Droplets of an initial size of 6 μm equilibrate with atmospheric moisture and evaporate into smaller aerosols or condense into larger droplets as shown in Fig. 3a and b. Fig. 3a shows the temperature effect on the size of aerosol after evaporation or condensation, which is negligible within the temperature range seen in the counties investigated. Assuming that a few seconds are needed for droplets to evaporate to an equilibrium size,32 we further assume instantaneous kinetics, thus the temperature effects demonstrated in this work are expected to be smaller than in reality. Fig. 3b shows the relative humidity effect on the size of aerosol after evaporation (below 90% relative humidity) or condensation (at 100% relative humidity). A higher relative humidity corresponds to a larger equilibrium size of droplet or aerosol as expected. An initial size of 6 μm yields a droplet of size 1 to 10 μm in equilibrium with moisture, and this final droplet size is used to calculate its settling time from the height of 1.5 m shown in Fig. 3c. As expected from Fig. 3a, the temperature effects on the settling velocity are minimal. The relative humidity effect on settling time is significant, yielding as short as 1 min at 100% relative humidity and >20 min at <10% relative humidity. The evaporation and settling calculations agree with the classic Wells model.33,44 Similarly, the SARS-CoV-2 virus half-life is plotted as a function of ambient temperature and relative humidity in Fig. 3d. Lower temperatures and humidities yield longer viral half-lives. However, the relationship is highly nonlinear. The non-linearity poses a challenge to previous models13,45,46 using meteorological data directly as input variables. Current transmission models incorporating weather data as input variables have varying goodness of fits and correlation significances that may be due to how the meteorological variables were used.29 For example, humidity has been factored into models as relative humidity,47 absolute humidity,48 or dew point.49
The correlation between humidity and transmission may be related to the hydrophilic interactions between water and the proteins on the outer surface of SARS-CoV-2 virus via hydrogen bonding.50 The range of virus half-lives varies from several minutes to over an hour with typical ranges of temperature and humidity in April. These results underscore the potential effect of weather on airborne virus transmission. Results show that the weather affects the fate and transport of speech-generated, virus-laden droplets by changing the settling times and viral half-lives, and thus these intertwined effects may not be captured by a simple linear model.

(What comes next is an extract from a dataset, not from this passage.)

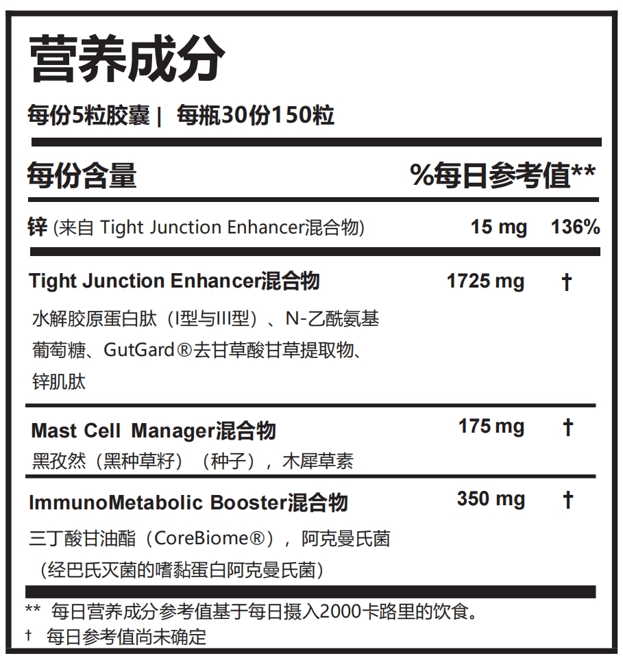 功能良好的肠道屏障对整体健康至关重要。健康的肠道屏障可以吸收关键的营养物质,同时阻止不需要的物质的吸收。不含芦荟和谷氨酰胺(可能会引起不良副作用),这款配方反而提供了富含甘氨酸、脯氨酸和羟脯氨酸的胶原蛋白肽(I型和III型),以及其他关键营养素以支持肠道内壁的完整性。RenewGut Thrive™ 以 RenewGut™ 配方为基础,还富含后生元,包括三丁酸甘油酯和巴氏杀菌的 Akkermansia。肠道屏障的正常状态与整体健康管理密切相关,其生理功能涉及营养吸收与物质筛选的协调过程。RenewGut Thrive™ 的成分组合与肠道屏障的协调状态、代谢相关生理过程及免疫相关的日常状态存在关联,为日常肠道养护提供选择。将 RenewGut Thrive™ 与您喜爱的益生菌(如 Multi-Biome™ 或 CoreBiotic®)相结合,以进一步滋养胃肠道。
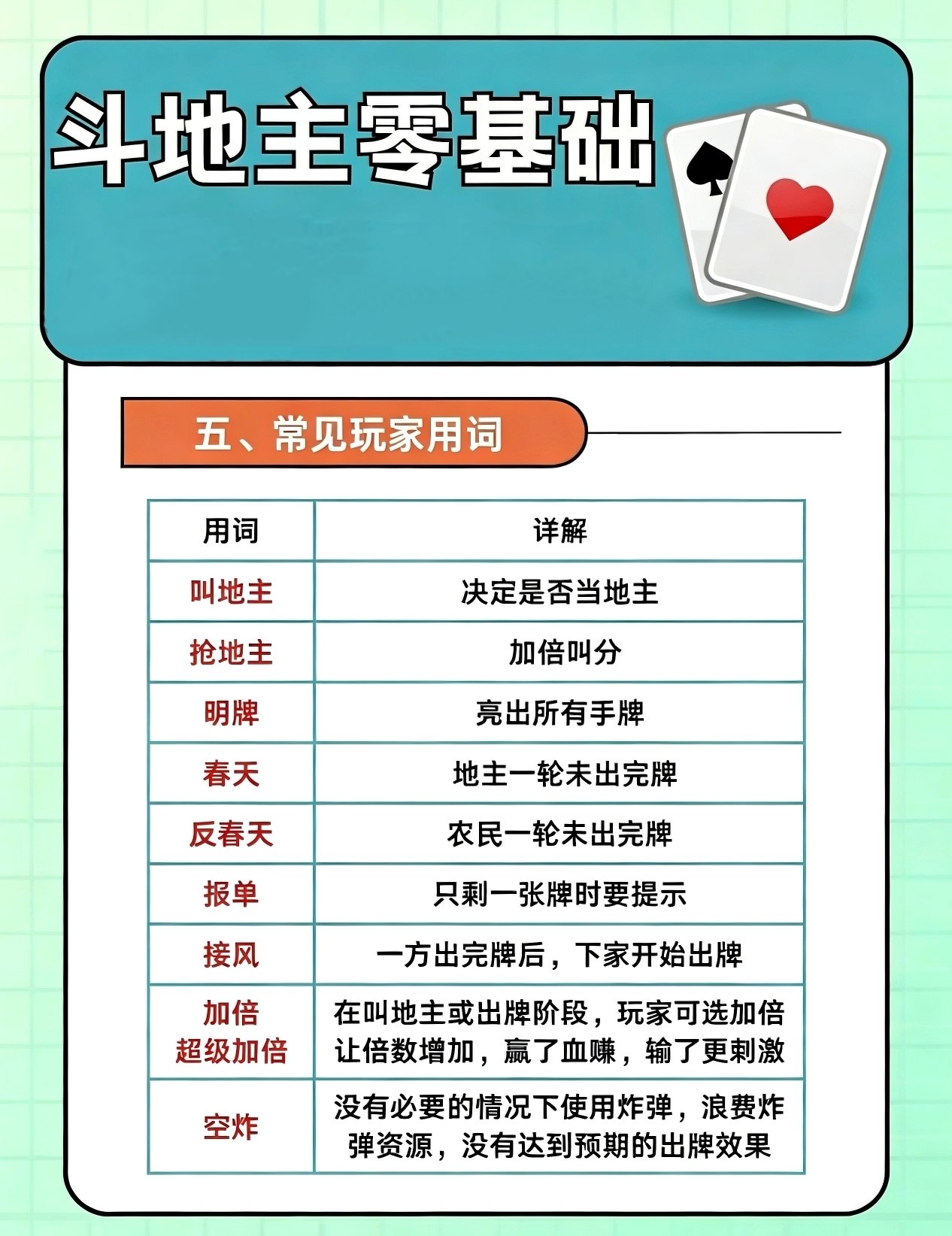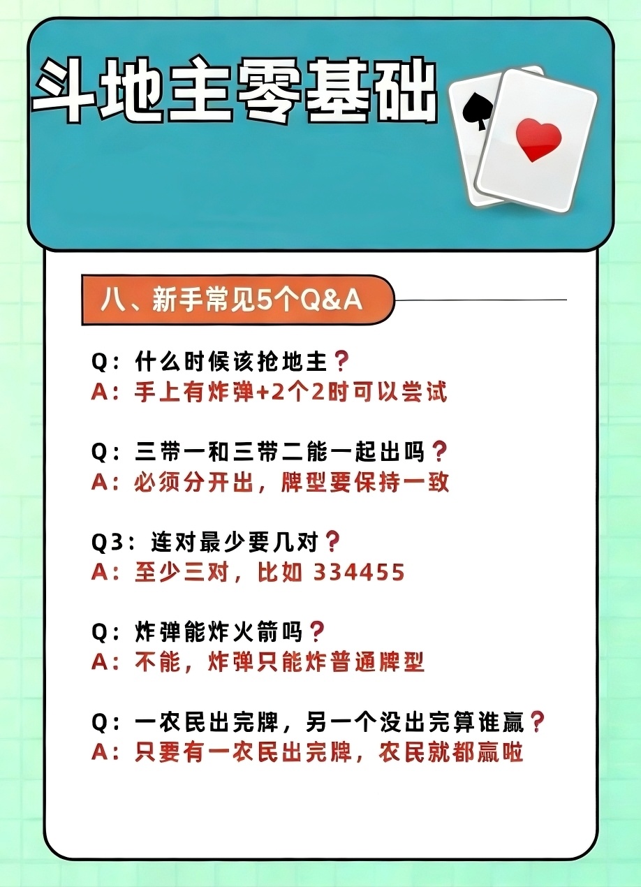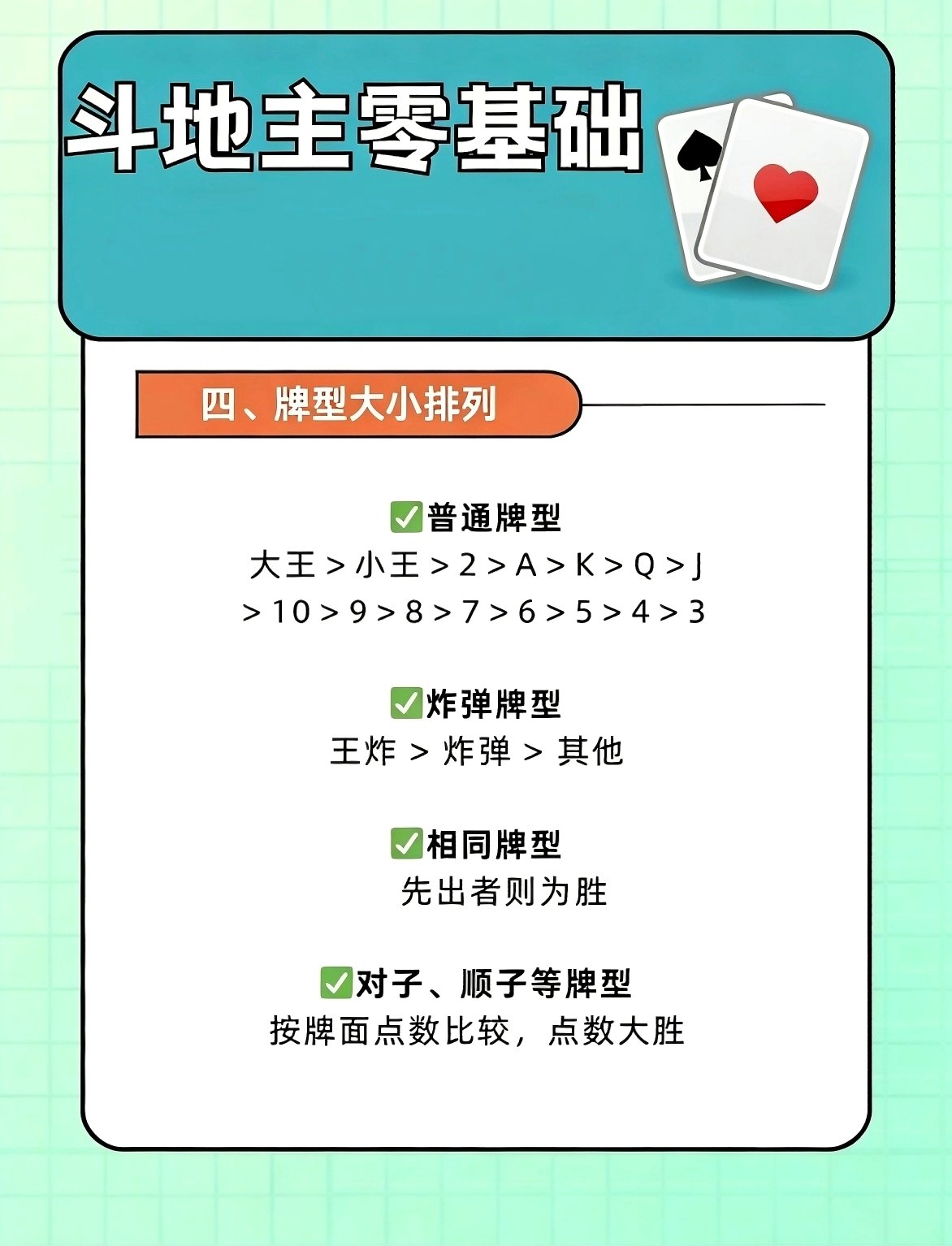 本篇零基础教学,搭配详细图解教程,从最基础的游戏人数、发牌规则、叫分机制讲起,清晰拆解单张、对子、顺子、炸弹、王炸等全部常用牌型,标注好大小对比与出牌规范,让你一眼看懂所有牌型用法。

To establish an effective weather-based model for COVID-19 epidemic prediction, regression analyses (LR and VAR) and machine learning models (RNN and LSTM) were compared for 5 U.S. counties. Fig. 4 shows the time series of daily case percentage increase in the different US counties. The model fittings follow the major trends of the actual data and capture most of their peaks and troughs; the actual data of the last 4 days also fall inside the one-sigma prediction intervals despite simplicity of the models used. The goodness of fit and the prediction accuracy generally rank as follows: LSTM > simple RNN > LR > VAR (see r2 for fitting and residual sum of squares (RSS) for prediction in Table S1a and b†). Considering a key difference between VAR and the rest of the models are the use of auto-regressively predicted settling times and viral viability data versus actual data starting from the second day of prediction, the lowest fitting and prediction accuracy of VAR suggests inaccurate aerosol settling times and viral viability predictions from past data as expected. It is clear that accurate weather-originated data input is required to predict transmission rates accurately. VAR also includes past transmission rate data as an input, which is not included in the other models explored. This suggests that past transmission is not a significant input variable for predicting future transmission compared to the two weather-originated variables as normalized into a percentage increase. Improved fitting for LSTM over simple RNN suggests that weather beyond 5 days prior affects current transmission. Better fitting and prediction performance of neural network models compared to LR suggests nonlinearity in the correlation between settling time, viral viability, and transmission rate, even though reasonable linear correlations are observed. For example, the r2 values for the counties considered vary from 0.36 to 0.80 with an average of 0.59, achieved using input variables capturing two types of weather influences on transmission. Variability in goodness of fit among the counties may be explained by local residents, who have delay in time from the onset of symptom to getting a COVID test.
To better understand how weather-originated aerosol settling times and viral viability affect transmission, the contours of model predictions are shown in Fig. 5. The ranges of settling times and virus half-lives are determined in part by the local temperature and RH range during April, for each county of study. Note that the data points used to generate the contour plots are not uniformly distributed inside the contours, and the data to be predicted may not lie within the range of training data (see Fig. S2†). Although UV intensity is not a direct input variable in this model, it positively correlates with temperature51 and is, therefore, indirectly taken into account in this model.
Counties have faster transmission at longer aerosol settling times or longer virus half-lives. These results indicate that active-virus-laden aerosols are a major pathway for COVID transmission. The only exception to this claim was seen for Santa Clara County for which there appeared to be faster transmission at low viral viability and settling times leading to a less accurate prediction compared to the other counties that were analysed in Fig. 5. Harris, King and Maricopa counties show faster transmission with a longer virus half-life, while LA County had increased transmission rates at longer settling times. The LR, VAR and simple RNN predictions show clear trends, while the trend of LSTM predictions indicates hotspots for easy transmission in the 2D space of viral viability and aerosol settling times. This may be indicative of the small training data set used, considering the high accuracy of fitting and predictions by LSTM in Fig. 4. The different trends between LA County vs. Harris, King and Maricopa counties may be a result of their different policies and human behaviours not captured by the input variables in this work. Future work in the training of an LSTM model with sufficient data over a wide range of weather conditions from all seasons may reveal a clear trend of correlation similar to the LR, VAR and simple RNN models in this work.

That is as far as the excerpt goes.